The prediction distribution makes this even clearer.
The vast majority of predictions are piled at the low-probability end. The model is defaulting to "probably not a podium" for almost everyone, which works out often enough given our class imbalance, but it means the two distributions are barely separated. The model isn't finding features that meaningfully distinguish podium finishers from the field.
Testing time.
So the feature importance and calibration diagnostics tell a concerning story. But, do they actually show up in the test results? Let's find out.
| AUC/ROC | Brier Score |
| 0.8116 (baseline: 0.79) | 0.1215 (baseline: 0.12) |
Honestly? Better than expected. The model generalises to 2025 without collapsing, which is a pleasant surprise given what the feature importance graph was suggesting. But this is where we need to be careful a good number on a flawed model is not the same as a good model. The year feature is still doing most of the heavy lifting, and we have no guarantee that pattern holds into future seasons, especially at regulation boundaries. We got away with it in 2025, but we're not building something we can trust yet.

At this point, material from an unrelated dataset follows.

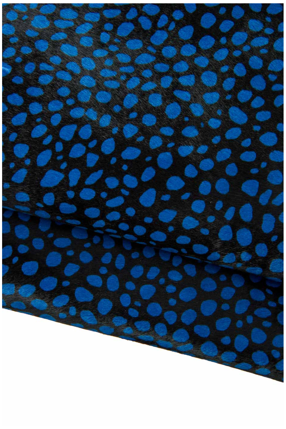 Wonderful animal printed pony calfskin, blue - black leopard textured hair on leather hide, cheetah pattern on cowhide. Ideal for DIY projects.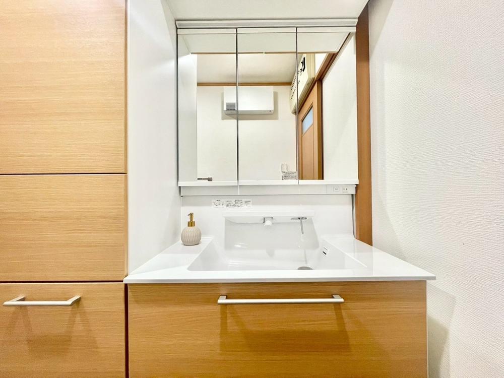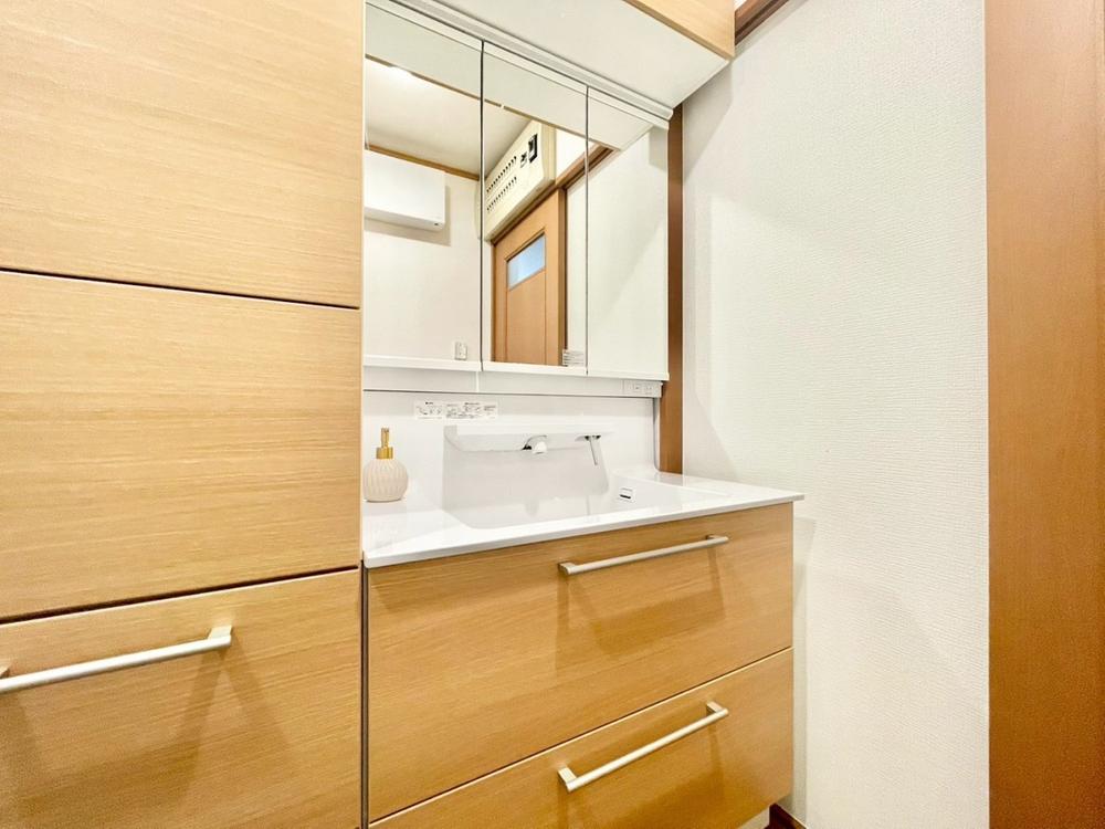 シャワー機能付きの洗面台には使いやすい横長ボウル、スマートに収まる収納と充実しています。あわただしい朝の洗面タイムに心強い設備です。

What did we learn & where do we go now?
Even a flawed baseline teaches us a lot. Here's what we've learned from this round:
- Year is acting as a proxy for constructor dominance, masking whether constructorId is contributing any signal of its own
- The model's calibration is poor. It knows roughly who will podium but not how confident to be about it
- The rolling podium rate we built for the heuristic baseline likely has more genuine predictive signal than anything in this model
- Constructor should carry far more importance, but the current feature set doesn't give the model a way to see that
So, what are we going to do next?
| Next Step | Why |
|---|---|
| Rethink year as a feature | It's masking constructor signal and won't generalise across regulation changes. We'll explore replacing it with a coarser regulation era feature that captures the useful part without the temporal leakage |
| Set up MLFlow for experiment tracking | We're about to iterate heavily on features, we need to track exactly what changes led to what results, or we're flying blind |
| Engineer new features | Rolling podium rate already showed strong predictive power. We'll bring that in, and explore circuit characteristics, driver age, and constructor-level form signals |
| Hyperparameter tuning | No point tuning until the features are right. But, once they are, tuning should compound the gains. Key items include scale_pos_weight to address class imbalance and walk-forward cross-validation for more robust evaluation |
Next time...
We'll set up MLFlow to track how our model evolves as we engineer new features, address the class imbalance problem, and move to a more rigorous validation approach.